I do not remember the exact sequence of Gamzu’s remarks, but I recall that he told me again about the garment, and in bringing this to mind made mention of his teacher. Having spoken of him, he also mentioned the time of his youth, which he had spent as a student in yeshivas.
You know Gamzu as a man with many connections, in demand among scholars of the East and West alike for books and manuscripts. But he had begun as any other yeshiva student, boarding out on the charity of the local townspeople. Once a certain householder sent him to buy a copy of the Concise Shulhan Arukh. At the bookseller’s he came across a book quite different from the rest. Every other line of print was indented, and every word had vowel points; some lines resembled the Great Hymn of Praise sung by the ministering angels, some the confessional Al Het. He looked at it for a long while, full of wonder; never in his life had he seen a book like this. The bookseller watched him, and told him he could have it for forty kreutzer. For a yeshiva student, forty kreutzer was a large sum; even if he sold his long coat, he would not get that amount for it. But he had a box which a carpenter had made him in return for giving lessons to his son. It was something of a luxury, since all his possessions, apart from the clothes which he stood up in, could be wrapped in his shirt; but it gave him the kind of pleasure one feels in owning an article of intrinsic beauty.

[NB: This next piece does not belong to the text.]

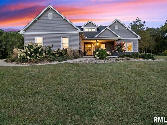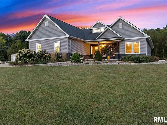 Welcome to your very own secluded slice of heaven! This custom-built, one-owner beauty is packed with personality and perched on 10 acres of pure peace and quiet. Step inside to be greeted by the great room, showcasing a wood-burning fireplace surrounded by beautiful built-ins and French doors that lead to a covered porch with panoramic views of the most perfect backyard. The layout flows flawlessly into the kitchen—the heart of the home—featuring gorgeous cabinetry, gleaming granite countertops, and an oversized island. Main floor laundry? Check. Master suite with tray ceilings and hotel-like bathroom vibes? Double-check! Downstairs you’ll find a finished basement, complete with a spacious family room, a third bedroom, and an office/den that could be converted into a fourth bedroom if needed. The outdoor space offers endless opportunities in every season and is home to deer, turkey, foxes, and morel mushrooms. Hunting is permitted, and the timber backs up to Farm Creek, drawing in those trophy bucks. If you’d rather just watch the wildlife, you can do so while crunching into a crisp apple or pear from one of your own trees. Last but certainly not least, enjoy the sprawling patio, hot tub, and solar panels that reduce your electric bill to just $14/month! Don’t let this one slip away!

He gave his box to the bookseller and received the book. It was the divan of the poems of Judah Halevi, edited by S. D. Luzzatto. He read it again and again, until he knew all the poems by heart. And still he was unsatisfied. He began to pore over festival prayers and penitential hymns and elegies and old prayer books, reading and transcribing for himself. He could not afford the paper to copy down all the things he liked, so he noted down only the opening lines as reminders. Because he was so fastened to poetry, he came unfastened at the yeshiva. Accordingly he went and hired himself out to a bookseller. The shopkeeper could see that he knew a great deal, and sent him out to widows with the books of their husbands left on their hands, as well as to the “enlightened” rich who were clearing their homes of sacred literature. In time he began to make his own purchases. Later, he started traveling to far-off countries, and still later, to lands which no European had ever crossed. He reached the farthest edge of the desert and brought out books and manuscripts of which the most eminent bibliographers had no knowledge, as well as divans by anonymous poets who in their holiness and humility had left no record of their names.